Start of Records shown
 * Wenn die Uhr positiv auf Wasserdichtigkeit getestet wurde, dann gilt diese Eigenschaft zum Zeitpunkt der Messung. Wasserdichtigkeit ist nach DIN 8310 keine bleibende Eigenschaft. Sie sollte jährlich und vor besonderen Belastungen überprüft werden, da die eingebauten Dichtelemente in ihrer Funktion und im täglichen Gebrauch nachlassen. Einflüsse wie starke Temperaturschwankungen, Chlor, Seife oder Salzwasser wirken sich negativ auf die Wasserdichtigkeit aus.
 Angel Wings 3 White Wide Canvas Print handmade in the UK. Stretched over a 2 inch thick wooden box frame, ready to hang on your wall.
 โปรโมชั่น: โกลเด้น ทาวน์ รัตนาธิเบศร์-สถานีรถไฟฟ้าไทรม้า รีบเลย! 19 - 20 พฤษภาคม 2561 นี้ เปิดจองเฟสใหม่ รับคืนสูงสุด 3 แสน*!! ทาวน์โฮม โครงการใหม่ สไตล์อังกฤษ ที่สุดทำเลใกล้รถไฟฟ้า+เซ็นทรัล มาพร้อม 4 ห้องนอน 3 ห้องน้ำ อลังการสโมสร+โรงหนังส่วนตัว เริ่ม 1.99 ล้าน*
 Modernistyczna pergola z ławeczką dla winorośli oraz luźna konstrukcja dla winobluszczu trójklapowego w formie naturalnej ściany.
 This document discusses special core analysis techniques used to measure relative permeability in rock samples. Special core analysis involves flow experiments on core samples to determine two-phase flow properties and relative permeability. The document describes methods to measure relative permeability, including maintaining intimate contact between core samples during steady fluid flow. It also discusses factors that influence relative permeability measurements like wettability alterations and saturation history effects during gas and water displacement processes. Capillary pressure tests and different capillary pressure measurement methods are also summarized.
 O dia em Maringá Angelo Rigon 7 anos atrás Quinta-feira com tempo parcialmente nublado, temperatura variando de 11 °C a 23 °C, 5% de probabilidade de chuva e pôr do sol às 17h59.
End of Records shown
Start of Records shown
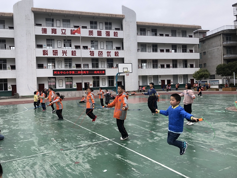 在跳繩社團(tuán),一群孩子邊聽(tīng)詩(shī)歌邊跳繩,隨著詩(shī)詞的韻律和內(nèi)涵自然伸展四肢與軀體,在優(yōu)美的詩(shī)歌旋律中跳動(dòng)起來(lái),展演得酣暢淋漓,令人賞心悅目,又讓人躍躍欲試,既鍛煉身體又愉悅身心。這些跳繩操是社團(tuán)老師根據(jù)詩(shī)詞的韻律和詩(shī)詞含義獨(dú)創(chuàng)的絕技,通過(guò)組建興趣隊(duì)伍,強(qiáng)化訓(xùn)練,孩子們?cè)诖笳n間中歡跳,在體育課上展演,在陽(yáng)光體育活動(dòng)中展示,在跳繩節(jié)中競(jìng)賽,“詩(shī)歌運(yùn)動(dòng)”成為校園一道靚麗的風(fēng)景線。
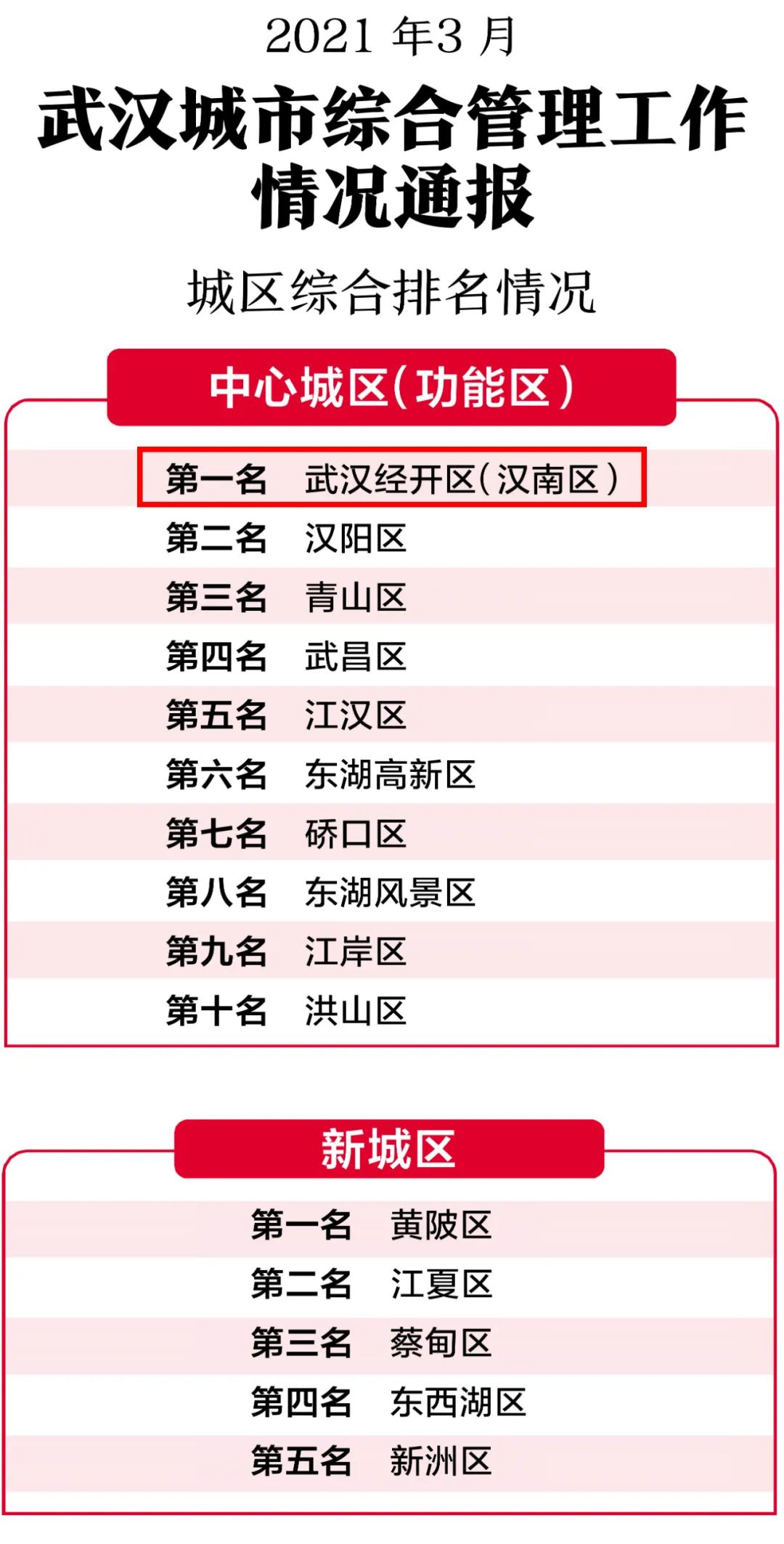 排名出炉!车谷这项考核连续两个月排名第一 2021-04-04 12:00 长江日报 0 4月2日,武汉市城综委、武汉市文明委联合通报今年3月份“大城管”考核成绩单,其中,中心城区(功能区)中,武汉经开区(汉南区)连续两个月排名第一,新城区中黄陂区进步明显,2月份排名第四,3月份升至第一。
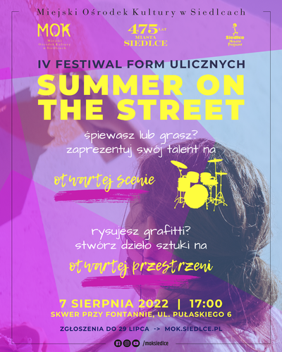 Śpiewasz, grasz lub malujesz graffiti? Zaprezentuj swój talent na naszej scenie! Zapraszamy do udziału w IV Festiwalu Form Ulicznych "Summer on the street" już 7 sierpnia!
End of Records shown
Start of Records shown
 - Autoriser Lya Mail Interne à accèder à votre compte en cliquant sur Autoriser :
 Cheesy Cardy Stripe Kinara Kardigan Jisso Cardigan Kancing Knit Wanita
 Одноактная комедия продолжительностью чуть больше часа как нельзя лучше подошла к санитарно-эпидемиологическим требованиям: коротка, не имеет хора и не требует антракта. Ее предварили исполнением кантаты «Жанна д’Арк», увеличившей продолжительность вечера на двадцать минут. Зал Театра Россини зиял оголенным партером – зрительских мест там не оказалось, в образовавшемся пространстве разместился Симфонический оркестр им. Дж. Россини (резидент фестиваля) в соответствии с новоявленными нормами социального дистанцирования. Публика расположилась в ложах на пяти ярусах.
End of Records shown
▶ **What you will do**: Beginning with the line that has "Angel Wings 3" and ending with the line that has "O dia em Maringá", set down the lines above exactly and include no others.

▶ **Result of this task**:
 Angel Wings 3 White Wide Canvas Print handmade in the UK. Stretched over a 2 inch thick wooden box frame, ready to hang on your wall.
 โปรโมชั่น: โกลเด้น ทาวน์ รัตนาธิเบศร์-สถานีรถไฟฟ้าไทรม้า รีบเลย! 19 - 20 พฤษภาคม 2561 นี้ เปิดจองเฟสใหม่ รับคืนสูงสุด 3 แสน*!! ทาวน์โฮม โครงการใหม่ สไตล์อังกฤษ ที่สุดทำเลใกล้รถไฟฟ้า+เซ็นทรัล มาพร้อม 4 ห้องนอน 3 ห้องน้ำ อลังการสโมสร+โรงหนังส่วนตัว เริ่ม 1.99 ล้าน*
 Modernistyczna pergola z ławeczką dla winorośli oraz luźna konstrukcja dla winobluszczu trójklapowego w formie naturalnej ściany.
 This document discusses special core analysis techniques used to measure relative permeability in rock samples. Special core analysis involves flow experiments on core samples to determine two-phase flow properties and relative permeability. The document describes methods to measure relative permeability, including maintaining intimate contact between core samples during steady fluid flow. It also discusses factors that influence relative permeability measurements like wettability alterations and saturation history effects during gas and water displacement processes. Capillary pressure tests and different capillary pressure measurement methods are also summarized.
 O dia em Maringá Angelo Rigon 7 anos atrás Quinta-feira com tempo parcialmente nublado, temperatura variando de 11 °C a 23 °C, 5% de probabilidade de chuva e pôr do sol às 17h59.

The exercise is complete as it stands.